On 04.02.2014, at 01:44, Peter Maydell <peter.mayd...@linaro.org> wrote:
> On 3 February 2014 23:28, Alexander Graf <ag...@suse.de> wrote:
>> That means that something relies on the incorrect behavior we did
>> before to set *plen (end) = *plen (start) after the loop when
>> !mr->iommu_ops.
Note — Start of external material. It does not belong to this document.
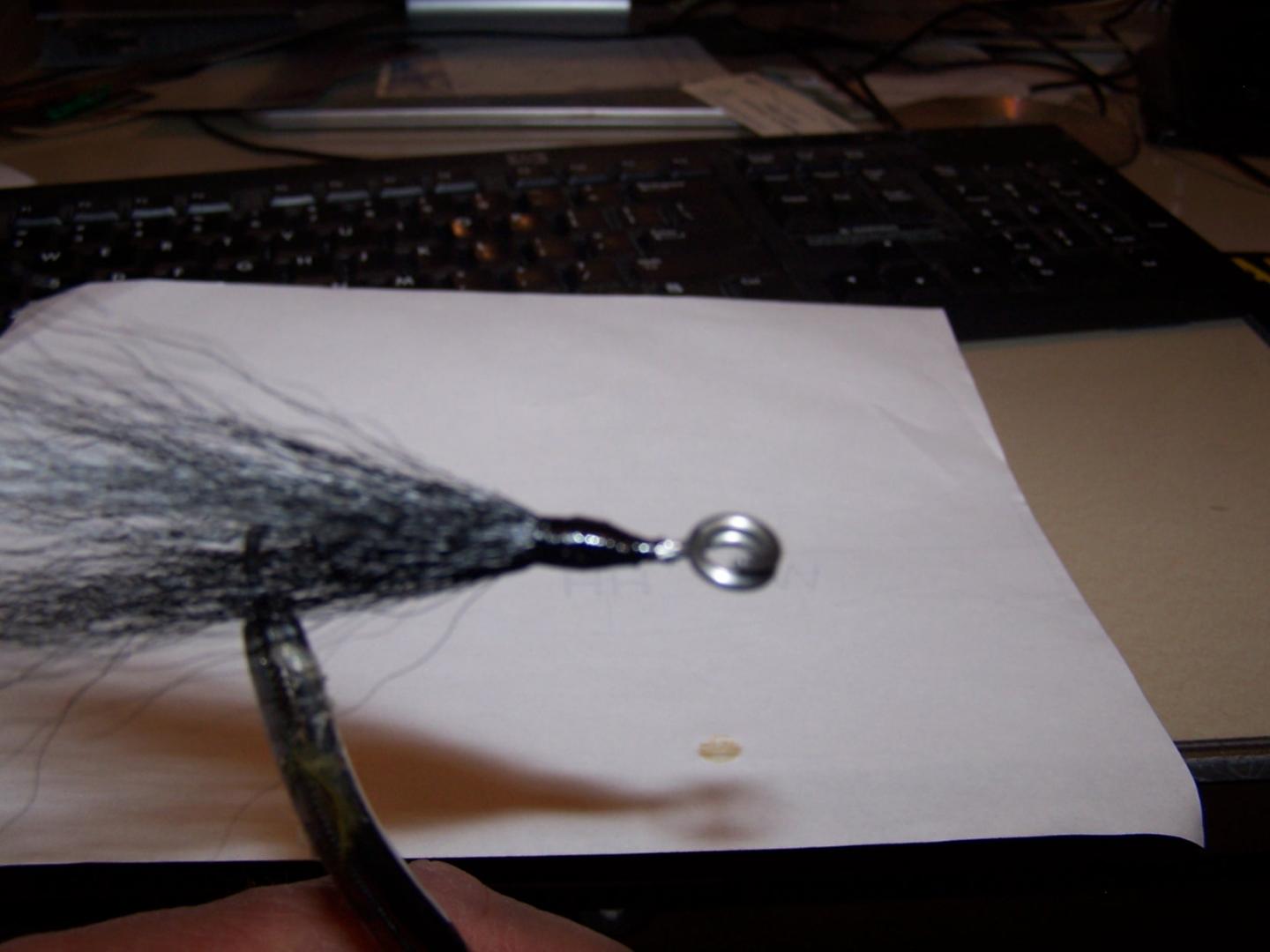 Here are some pics with tag on the tail. Please note that using this wire is a little more difficult, because the twist in the wire doesn't open as easily as a split ring does. But if necessary the 308 wire tag can be pried apart with a tiny screw driver and then compressed right back together using a pair of pliers.

I wonder what that could be...
>
> I bounced around in a debugger for a bit looking for cases where
> the *plen got updated. One of them is
> cpu_physical_memory_write_rom_internal(): we now rather less
> efficiently do memcpy of 4K at a time into the guest RAM rather
> than blasting the entire ROM image, but the code still works.
I suppose the same happens on DMA access, rendering it less efficient, no?
>
> This backtrace, on the other hand, looks rather more suspect:
>
> #0 portio_write (opaque=0x101686160, addr=0, data=4, size=1) at
> /Users/pm215/src/qemu/ioport.c:203
> #1 0x000000010032f143 in memory_region_write_accessor
> (mr=0x101686160, addr=0, value=0x105fab508, size=1, shift=0, mask=255)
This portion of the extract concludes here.